Mutfakta 'YILDIZ' savaşları
FİLMİN NOTU: 7
Mesleğinde yükselirken dibi boylayan bir şefin yeniden restoran mutfaklarına dönmesini ve 3’üncü Michelin yıldızını alma mücadelesini anlatan “Çok Pişmiş”in (Burnt), başrollerinde Bradley Cooper ve Sienna Miller oynuyor.

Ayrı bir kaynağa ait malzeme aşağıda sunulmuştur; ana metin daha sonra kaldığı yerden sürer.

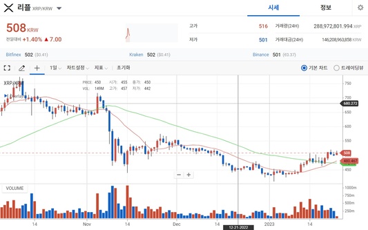 지금 현재 리플 509원으로 전 여전히 437 매수하여 수익률은 16.40%입니다.

Restoran mutfaklarında geçen filmlerin sayısı giderek artıyor. Konunun cazibeli yanı, sinemacılara rekabet, yükseliş ve başarı üzerine hikâyeler anlatma fırsatı sunması. Hatta Michelin yıldızı alma mücadelesini anlatan “şef filmleri”nin, “spor filmleri” ile yakın akraba oldukları dahi söylenebilir. “Çok Pişmiş” de bunlardan biri. Film, iki Michelin yıldızı almayı başarmış ama sonra dibi boylamış şef Adam Jones’un (Bradley Cooper) üçüncü yıldızı almak üzere Londra’da yeniden “sahalara dönmesini” anlatıyor.

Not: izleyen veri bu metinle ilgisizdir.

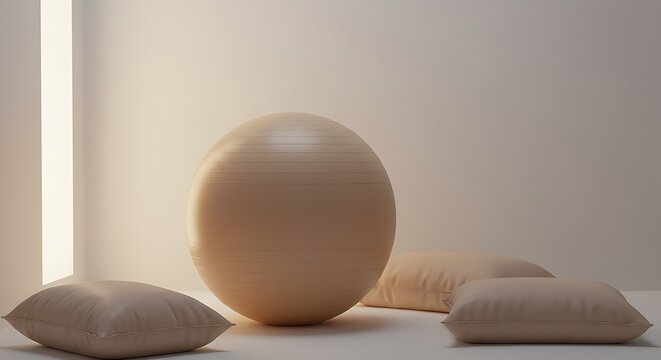 A birthing ball in a maternity room setting with soft lighting and pillows, simplified and centered on a white background, realistic and cozy,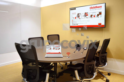 ClickShare es el sistema de presentación inalámbrica para Salas de Reuniones de tamaño pequeño y mediano con el cual podrás compartir contenido sin complicaciones desde tu laptop, Tablet, celular o cualquier dispositivo móvil, sin cables, sin configuraciones y sin tiempos de espera. Podrás visualizar en una misma pantalla desde 1 hasta 4 presentaciones de forma simultánea sin interrupciones, tener un usuario en modo moderador y lo mejor es la compatibilidad con varios sistemas operativos como Apple y Android.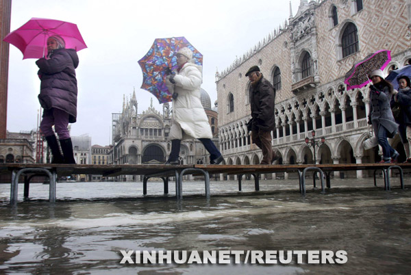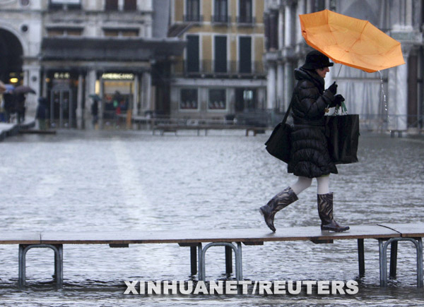12月10日,在意大利“水城”威尼斯,一名行人使用臨時搭建的通道穿過被洪水淹沒的廣場。 威尼斯本月遭受20年未見的大洪水侵襲,全城98%陸地被淹沒。為挽救旅游市場,威尼斯旅館業(yè)推出“威尼斯高水位”旅游促銷計劃,把洪水包裝成旅游賣點,為游客免費提供橡膠長靴、高水位步行路線圖及住宿費打折等服務(wù)。 新華社/路透

Tecrübeli Steven Knight’ın elinden çıkan senaryonun en tuhaf yanı, bir filmin devamını seyrediyormuşuz hissini vermesi. Knight’ın amacı belli ki filme yüksek bir noktadan başlayıp, seyirciyi hikâyenin içine hızla dahil etmek. Paris’te gelen “iki yıldız”ın ve büyük başarıların Adam’ın pek hayrına dokunmadığını vurgulayarak, dikkatimizi “üçüncü yıldız” mücadelesine çekmek. Ancak “asıl film Paris’te yaşanmış” duygusunu bir türlü üstümüzden atamıyoruz. Nasıl atabiliriz ki? Adam’ın sıfırdan yükselişine, Helene (Sienna Miller) hariç diğer karakterlerle tanışmasına ve sonra hepsini kendini düşman etmesine şahit olamadan, “ikinci yarı”yı seyretmeye başlamışız. Film yine de sürükleyici; çünkü Michelin yıldızı alma ve bir adamın küllerinden doğma mücadelesi bizi filme bağlıyor.

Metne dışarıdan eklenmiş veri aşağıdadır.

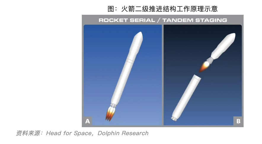 火箭在发射过程中,一级推进器先点火,待火箭被推进至远离稠密大气层的高空中之后,一二级分离,二级发动机点火接替工作(此时整流罩也已脱落),最终将有效载荷(比如卫星)推进至预定轨道。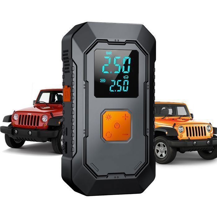 Plus jamais de batterie à plat en pleine nuit ou sur une route déserte ! Ce booster portable est une vraie bête de secours : il délivre un pic à 5000A, assez pour relancer la plupart des voitures essence jusqu’à 6.0L et diesel jusqu’à 4.0L. En plus, il fait office de powerbank géant (48800 mAh) avec deux ports USB pour recharger téléphone, tablette ou même ordinateur portable. Il intègre une lampe LED 4 modes (éclairage, flash, SOS, alarme) très utile dans le noir. La sécurité est maximale : protection anti-étincelles, anti-inversion de polarité, anti-surchauffe… et les pinces intelligentes te guident pour éviter les erreurs de branchement. Compact, il se range facilement dans la voiture et tient jusqu’à 12 mois sans se décharger. Un indispensable pour tous les conducteurs – roulez l’esprit tranquille !

‘GÜÇ, ESNEKLİK GEREKTİRİR’
Adam, Paris’ten sonra 3 yıl boyunca bir restoranda midye ayıklayarak kendini cezalandırdıktan, içkiyi ve uyuşturucuyu bıraktıktan sonra üçüncü Michelin yıldızı için hazır olduğunu düşünüyor. Ancak mutfaktaki ilk gününden de anlaşılacağı üzere aslında hiçbir şeye hazır değil. Finalde de incelikle vurgulandığı gibi Adam Jones’un gerçek ihtiyacı, Michelin yıldızı değil. O, hâlâ olgunlaşamamış, hayat acemisi bir adam. Emma Thompson’un canlandırdığı doktorun söylediği gibi mutfaktaki asıl eksikliği “Gücün, esneklik gerektirdiğini” bilmemesi. Film, Adam Jones karakteri üzerinden aşırı hırsa karşı insanın işinden aldığı hazzı; bireysel başarıya karşı ekip çalışmasını; baskıcı lider otoritesi yerine çok sesli bir mutfağı savunuyor. Gergin bir iş atmosferi yerine ise aile gibi çalışmayı öneriyor.
SOKAK LEZZETLERİNİ SEVEN ŞEF
Yönetmen John Wells ve görüntü yönetmeni Adriano Goldman özellikle mutfak sahnelerinde çok iyi iş çıkarıyorlar. Mutfaktaki gerilimi hareketli kamera, yakın çekimler ve hızlı kurguyla anlatmayı başarmışlar. Başta Bradley Cooper ve Sienna Miller olmak üzere bütün ekip iyi. Yeri gelmişken belirtelim: Yıllar geçtikçe ve Daniel Brühl’ün oynadığı karakterleri seyrettikçe, ne kadar iyi bir aktör olduğu gerçeği daha iyi ortaya çıkıyor. Tony rolündeki Brühl yine çok farklı bir yorumla geliyor karşımıza.
“Çok Pişmiş”, yemek ve mutfak kültürü üzerine benzer filmlere oranla daha az gevezelik yapsa da söyledikleriyle “turnayı gözünden vuruyor”. Özellikle Adam’ın Helene’e fast food’un artıları ve eksileri üzerine söyledikleri ilgiye değer. Adam’ın film boyunca esinlenmek için “sokak lezzetleri”nden vazgeçmemesi de önemli bir ayrıntı. Michelin yıldızlı bir restoranda yemek için minik bir servet gerekebilir ama bazen aradığınız tadı hiç ummadığınız bir yerde bulabilirsiniz. Yeter ki tezgâhın ardında işini seven bir “şef”olsun.